Safety profiles were similar across all treatment groups. The incidence of ocular adverse events ranged from 37.1 percent to 45.4 percent in the study eye. No discontinuations due to safety issues were reported. This trial suggests that using aflibercept 8 mg at extended intervals can maintain treatment benefits while reducing the number of injections required over time.

What this means for you:
Aflibercept 8 mg every 16 weeks offers similar vision gains to standard dosing with fewer injections for diabetic macular edema.

Study Details

Study typeRct
Sample sizen = 328
EvidenceLevel 2
Follow-up1.8 mo
PublishedMay 2026
View Original Abstract ↓
PURPOSE: To follow up the previously published comparison of aflibercept 8 mg at extended dosing intervals versus aflibercept 2 mg every 8 weeks (2q8) in patients with diabetic macular edema (DME) through 48 weeks, we now report efficacy, durability, and safety analyses through 96 weeks. DESIGN: PHOTON (ClinicalTrials.gov identifier, NCT04429503) was a randomized, double-masked, 96-week, noninferiority phase 2/3 trial. PARTICIPANTS: Patients aged ≥ 18 years with center-involved DME and best-corrected visual acuity (BCVA) of 78 to 24 letters (Snellen equivalent, 20/32-20/320). METHODS: Patients were randomized 1:2:1 to intravitreal aflibercept 2q8, aflibercept 8 mg every 12 weeks (8q12), or aflibercept 8 mg every 16 weeks (8q16) after initial monthly dosing. Dosing intervals for the aflibercept 8-mg groups were modified based on defined criteria. MAIN OUTCOME MEASURES: Key outcome measures included change from baseline in BCVA and central retinal thickness (CRT) at week 96, proportion of aflibercept 8 mg-treated patients whose randomized dosing intervals were maintained or extended, and safety outcomes.
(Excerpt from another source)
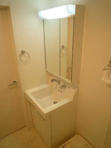 洗面脱衣所には独立洗面台と室内洗濯機置場

RESULTS: Overall, 658 patients (8q12, n = 328; 8q16, n = 163; 2q8, n = 167) received treatment, and 534 completed week 96. Mean (standard deviation [SD]) BCVA change from baseline at week 96 was comparable for 8q12 and 8q16 versus 2q8 at week 96 (+8.8 [9.9] and +7.5 [9.9] vs. +8.4 [11.1] letters). Mean (SD) CRT change from baseline was -185.3 (146.5) μm, -155.0 (144.9) μm, and -187.0 (146.3) μm for 8q12, 8q16, and 2q8, respectively. Mean number of active injections through week 96 in the 8q12, 8q16, and 2q8 groups was 9.5, 7.8, and 13.8, respectively. Of patients completing week 96, 88% and 83% randomized to 8q12 and 8q16, respectively, maintained ≥ 12-week or ≥ 16-week dosing intervals, 43% and 47% qualified for ≥ 20-week dosing intervals, and 24% and 32% qualified for 24-week dosing intervals at week 96. Incidence of ocular treatment-emergent adverse events in the study eye was similar across groups (37.1%-45.4%). CONCLUSIONS: Aflibercept 8 mg at extended dosing intervals maintained visual and anatomic improvements and similar safety to aflibercept 2 mg every 8 weeks with fewer injections over 96 weeks in patients with DME. FINANCIAL DISCLOSURE(S): Proprietary or commercial disclosure may be found in the Footnotes and Disclosures at the end of this article.